Не в силах больше думать об этом, Феликс встал и побрел дальше по полю.

Глава XXV

Он явился на станцию как раз к приходу лондонского поезда и, минуту поискав взглядом мать не там, где было нужно, увидел ее уже на перроне, рядом с чемоданом, надувной подушкой и безукоризненно застегнутым портпледом.

«Приехала третьим классом, — подумал он. — Ну зачем она это делает!»

Чуть-чуть порозовев, она рассеянно поцеловала Феликса.

— Как мило, что ты меня встретил!

Феликс молча указал на переполненный вагон, из которого она вышла.

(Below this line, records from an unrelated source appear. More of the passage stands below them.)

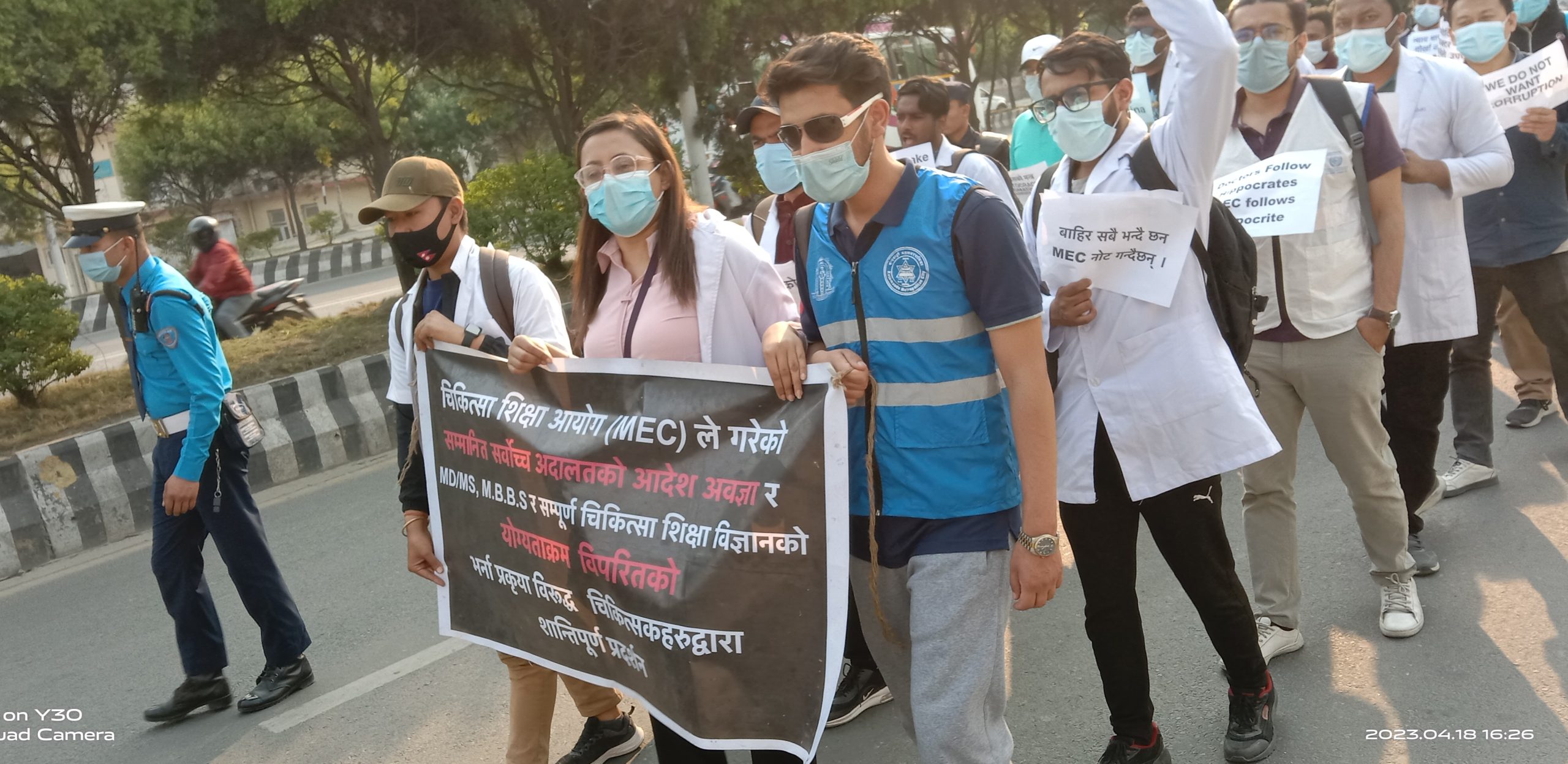 चिकित्सा शिक्षा आयोगले सर्वोच्च अदालतको आदेेशक‍ो अवज्ञा गरी एमडीएमस (MDMS) र एमबीबीएस (MBBS)को भर्ना गरेको भन्दै चिकित्सकहरुले मंगलबार काठमाडींमा विरोध प्रदर्शन गरेका छन् । मंगलबार काठमाडौंको माइतीघरमा जम्मा भएका चिकित्सकहरुले नयाँ बानेश्वरसम्म विर‍‍ोध -याली गरे ।
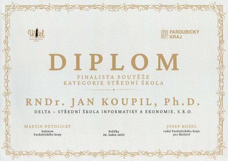 Polička, 26.1.2023: Jan Koupil, učitel programování, internetových prezentací, fyziky a vedoucí maturitních projektů získal ocenění jako jeden ze tří učitelů v kateogirii Střední školy v soutěži Učitel Pardubického kraje. Diplom mu předal vedoucí odboru školství Pardubického kraje Mgr. Martin Kiss před zcela zaplněným sálem Tylova domu v Poličce.
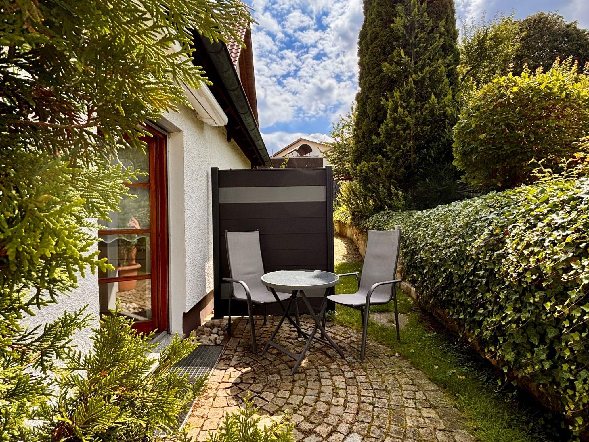 Komfortabel ausgestattete Fewo für 1 - 2 Personen mit ca. 65 qm Wohnfläche in ruhiger Lage in einem herrlichen Garten gelegen. Die Fewo verfügt über - eine Küche mit moderner Ausstattung, ein großes Wohnzimmer mit Kachelofen, ein schönes Schlafzimmer, ein hochwertig ausgestattetes Bad/WC und eine Südterrasse mit Markise. Parkplatz für Ihr Auto direkt vor dem Haus. Sichere Fahrradabstellmöglichkeit vorhanden. 4 Sterne Wohnung
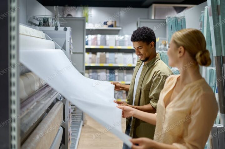 Family couple choosing wallpaper for house renovation
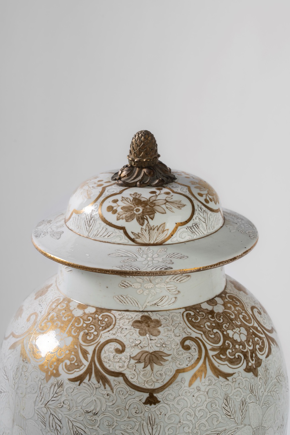 Potiche in porcellana dipinta a smalto nei toni del bianco e oro a riserve mistilinee decorata a cespi floreali; presa e base in bronzo dorato, Cina XIX secolo

Фрэнсис Фриленд немного огорчилась.

— Я чудесно доехала, — сказала она. — Но в купе был такой прелестный ребеночек, что я, конечно, не могла открыть окно, поэтому, пожалуй, и правда было жарко…

Феликс, который как раз в эту минуту смотрел на «прелестного ребеночка», сухо заметил:

— Ах вот, значит, как ты путешествуешь? А ты завтракала?

Фрэнсис Фриленд взяла его под руку.

— Не надо расстраиваться, милый! Вот шесть пенсов для носильщика. У меня в багаже только один сундук, на нем лиловый ярлык. Ты видел такие ярлыки? Очень удобная вещь. Сразу бросается в глаза. Я куплю их для тебя.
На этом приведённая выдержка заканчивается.